Delia, after glancing around, stood beside the cougar and called, “Hello!”

There was no reply. Stepping through a door to a smaller room behind, which had a large workbench and displayed a miscellany of tools, bales and boxes, and work in progress, and finding it uninhabited, she returned to the front and crossed to a stairway which led to living quarters overhead. Her foot was lifted to the first step when she heard a noise at the door, the knob turning. Quick as a flash she made a dive and concealed herself behind a moosehide which hung over the stair rail. One entering could not see her except by going to the stairway, but with an eye applied to a slit between the moose’s side and his hind leg, she had a good view of the room.

She saw a man enter — a middle-aged man, slightly stoop-shouldered, in shirt sleeves and lightweight overalls and no hat, with a tanned face shining with sweat, and dusty graying hair. Three paces from the door he looked sharply around with gray squinting eyes, then, passing his palm over the rump of the yearling elk as he passed, he went to the platform and knelt to inspect the belly of the cougar. Then he leaped as if shot, a leap that would have been a creditable performance for the cougar itself, as an ear-splitting howl rent the air.

He landed flat on his feet, stared for a second, and said in a voice that had a suspicion of a tremble in it, “Good Godamighty. Darn you anyway. Come out of that!”

Delia emerged, approached and stretched on her toes to kiss his cheek. “It’s been over two years since I’ve done that,” she said. “I don’t know why I did it, only I heard you at the door and I was there by the stairs. It’s something to know I can still do a coyote howl. The door was unlocked.”

He nodded. “I stepped down to the corner to phone.” He pulled a handkerchief from his overalls and mopped his face. “I guess I’d better get a phone put in — I would if I could afford it — or lock the door. My gizzard’s not as tough as it used to be. I darn near busted a gut that time.” He mopped his face again.
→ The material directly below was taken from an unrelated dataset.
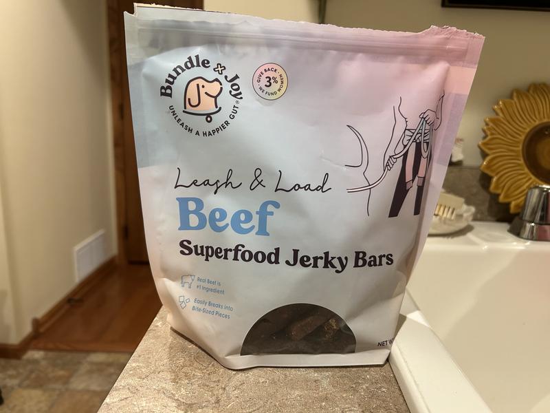 Bundle x Joy Leash & Load Beef Grain-Free Superfood Bars Jerky Dog Treats, 16-oz bag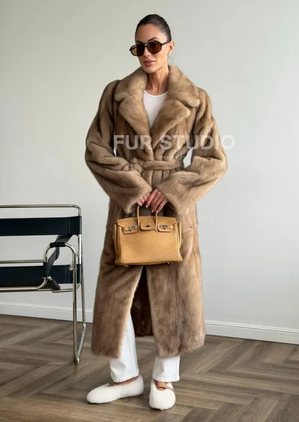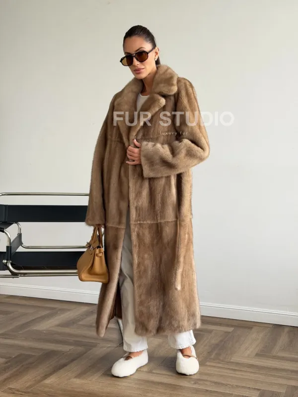 Мех данной шубы аукционная норка , цвет бежевый. Предлагается в размерах от 42 до 50. Длина модели 115-120 см, что выгодно подчеркивает фигуру девушек. Эта модель идеально подойдет для девушек и женщин, предпочитающих роскошные натуральные меха.

“I’m sorry, Uncle Quin. I shouldn’t have done it. I’m old enough to know better. What’s the matter with Noel Coward? Is his hair slipping? By the way, you ought to take a look at that coyote down at Kilbourn’s drugstore. The right shoulder.”

Quinby glanced at the cougar. “No, his hair’s all right. I was just looking at a patch. You say the one at Kilbourn’s? I’ll stop in.” His squinting gray eyes inspected her. “Did you come over here just to scare the daylights out of me?”

“No, I came to ask you something.”

“Want to go upstairs?”

“It’s cooler down here.” She went and sat on the edge of the platform which held the cougar, took off her hat and propped it and her handbag against the carcass of the fawn, and frowned at her toes.

Quinby Pellett seated himself beside her and began slowly wiping his face some more.

After a moment Delia said, “It’s still hell about Mother.”

“It sure is.”

“I go to the cemetery every day. I go in the morning.”

“I know you do. You ought to quit it.”

“You go, don’t you?”

“Sure I do.” He glanced at her and away again. “I’m nearly fifty years old and it’s a natural thing for me to fasten onto the past. She was my only sister and I didn’t have any brothers. But you’re just a youngster. Besides, I’m a grouch and that’s a good place for a grouch, a cemetery. But you ought to cut it out. You were strung too tight to begin with.”